Andy Payne discusses the potential impact of a No Deal Brexit on the UK games industry

Ever since the EU referendum result suggested that the UK would leave the EU -- by a very narrow majority -- I have feared for the UK games industry.

As a long term advocate, activist and actual fighter for the UK games industry, I have seen it experience many peaks and troughs. I fought personally for 10 years to get successive UK governments to introduce the video games tax relief in order to reverse the talent drain from the UK to Canada. I remember being told by government, civil servants and some games companies that the EU would never allow this as it went against State Aid rules. Indeed one of our trade associations was distinctly moot when it came to supporting this call back in the day.


Andy Payne, AppyNation

I remember reading the legal advice line by line and taking what I thought was either lazy or plain wrong thinking to task. Myself, Ian Livingstone and TIGA made the case for years and we backed it with evidence, all the time seeing first-hand the effect that the Canadian initiatives were having on our talent and our industry. Friends of mine upped sticks and left for pastures new. It broke my heart.

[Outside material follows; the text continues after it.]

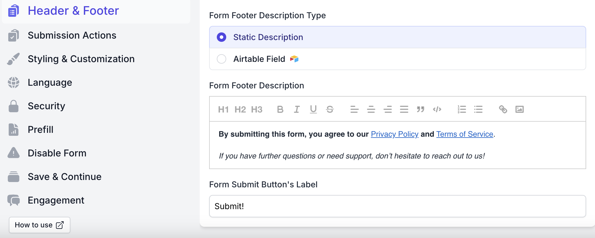 One of the features of miniExtensions Form is the ability to add a custom footer, allowing you to display important information or links consistently at the bottom of your forms.

Eventually, in February 2010 (now with the full support of UKIE, too), a Labour government accepted the arguments we had made and granted the Video Games Tax Relief measures we desperately needed to sustain and grow our amazing industry again. Sadly on the 20th of June that same year, George Osborne the Tory chancellor, threw that policy out and we took yet another step back. Did we give up? Did we hell.

All of us who had been there from the start pressed on and continued to build evidence and lobby for change. Two years later, we got the Video Games Tax Relief back. Every year since then we have seen amazing returns for the UK treasury and the UK industry has grown and prospered. Add to this the fact that the UK also became the tech start up capital of Europe with investor capital flowing in to take advantages of solid tax incentives such as EIS and SEIS, and things were really looking up.

We were a magnet for incredibly talented people from all over the world, people who enjoyed our open and liberal values. People who wanted to come to the UK to make their lives, build businesses and have their families. The UK had an enviable reputation and was a country with clear and robust IP and property laws. We were a country known for pragmatism and diplomacy.

Fast forward to 2019. We have a government who seem to be deaf to the views of people who both start and work in businesses. We have a government who want to throw up some half-arsed immigration policy with arbitrary salary thresholds which make no sense, other than to pander to those who feel immigration is a nation killer. A government which consistently ignores mounting evidence from its own civil service that clearly proves that leaving the EU will make the UK poorer on all levels. A government which refuses to countenance any change of course, despite the evidence that voters would like a chance to have their final say on whether they actually want the deal that they have actually negotiated. A government who quote the 'will of the people' as opposed to listening to the people.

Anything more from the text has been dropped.